Example: The following example demonstrates the equivalence of both theorems
Let: $O, A, B$ and $C$ be points.
O = np.array([0, 0])
A = np.array([4, 2])
B = np.array([6, 6])
C = np.array([2, 6])
Image("./Images/DCB5_7.PNG", width = 500)
Let $OAB$ be the area of the orientated triangle formed from the points $O, A$ and $B$ and $OBA$ be the area of the orientated triangle formed from the points $O, B$ and $A$.
OAB = X1(A, B)
OBA = X1(B, A)
OAB, OBA
(6.0, -6.0)
Observe: The order of the points (or orientation) affects the sign of the answer.
Let $AB$ be the are of the orientated edge constructed from points $A$ and $B$, and $BA$ be the are of the orientated edge constructed from points $B$ and $A$.
AB = X1(A, B)
BA = X1(B, A)
AB, BA
(6.0, -6.0)
Observe: The theorem and signs for the area of orientated triangles and area of orientated sides is the same.
Let: $AB, BA, BC, CB, CA$ adn $AC$ be the area of orientated sides constructed from points, $A, B$ and $C$
AB = X1(A, B)
BC = X1(B, C)
CA = X1(C, A)
BA = X1(B, A)
AC = X1(A, C)
CB = X1(C, B)
Theorem: The area of the orientated triangle $\widetilde{ABC}$ is the sum of the area of the orientated edges that form the same triangle, $\vec{AB}, \vec{BC}$ and $\vec{CA}$ and this area is equivalent to the standard formula of the area of a triangle ($\frac{1}{2}$), however it does not require a prior notion of and perpendicularity or a distance calculation.
np.sum([AB, BC, CA])
8.0
Aim: Extend the summative propery of orientated edges to arbitrarily sized polygons to determine thier area.
Observe: It is possible to extend the notion of area as being the summation of the orientated sides of a triangle to polygons of an arbitrary number of sides.
Observe: As part the generalisation of this formula, a new definition of one of the components of the signed area of an orientated triangle, $s(\widetilde{OAB} \equiv \frac{1}{2}(ad - bc)$ will be introduced, called the cross product.
Defintion: The Cross Product (different from the standard definition) for 2 points $A = [a, b]$ and $B = [c, d]$ is defined as $ac - bd$
Observe: The implication of introducing the cross product is that the signed area of an orientated triangle ($\widetilde{OAB}$) or orientated edge ($\vec{AB}$) (where $O, A, B$ are points), is equivalent to half of its cross product.

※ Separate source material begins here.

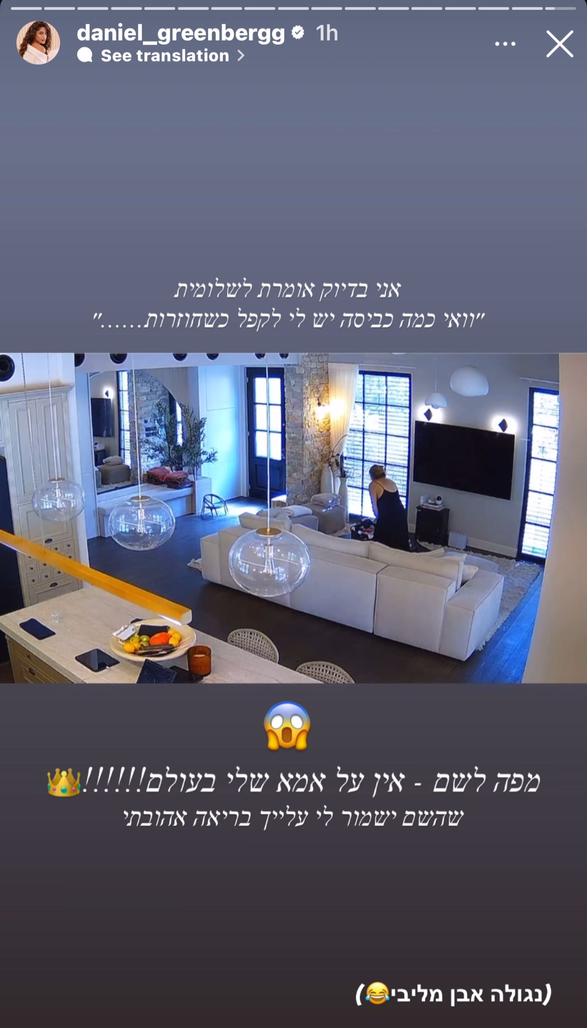 היום (שני) שיתפה גרינברג בסטורי את רגע האהבה החדש בחייה, הפעם מצד אמה שהגיעה לסדר לה את הבית. כך כתבה גרינברג בסטורי: "אין על אימא שלי בעולם! שהשם ישמור לי עלייך בריאה אהובתי", את הדברים הללו אמרה לזאת שלצידה, כפי ששיתפה: "אני בדיוק אומרת לשלומית 'וואי כמה כביסה יש לי לקפל כשחוזרות'"; צפו בסטורי.

Definition: An Orientated Polygonal Spline (OPS) $\overrightarrow{A_0,A_1\ldots,A_n} = [A_0,A_1\ldots,A_n]$ is an ordered list of affine points, $A_0, A_1, \ldots A_n$.

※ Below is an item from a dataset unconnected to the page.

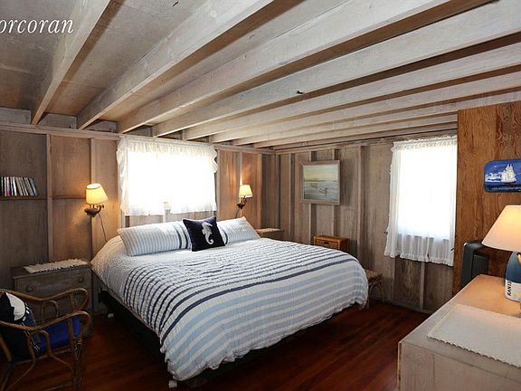 Pond Point in Westhampton Beach. Quaint summer cottage located on the open Moriches Bay. Home features four bedrooms, one updated (in 2017) full bath, two half baths, and an outdoor shower. Home sleeps seven with five twin beds and one king bed in master bedroom. Brand new French doors allow for access to large backyard deck from master bedroom. Sandy backyard includes expansive deck with BBQ, kayaks, large dock, and bulk-heading. Renters will have ocean beach access close by on Dune Road. Great deal.

Theorem: The signed area of an orientated polygonal spline is defined to be:
$$ s(\overrightarrow{A_0,A_1\ldots,A_n}) = \Sigma_{k = 0}^{n-1} s(\overrightarrow{A_kA_{k + 1}})$$Observe: If this If $A_0 = A_n$, then $s(\overrightarrow{A_0,A_1\ldots,A_n}) $ is a closed polygon and independent of translation.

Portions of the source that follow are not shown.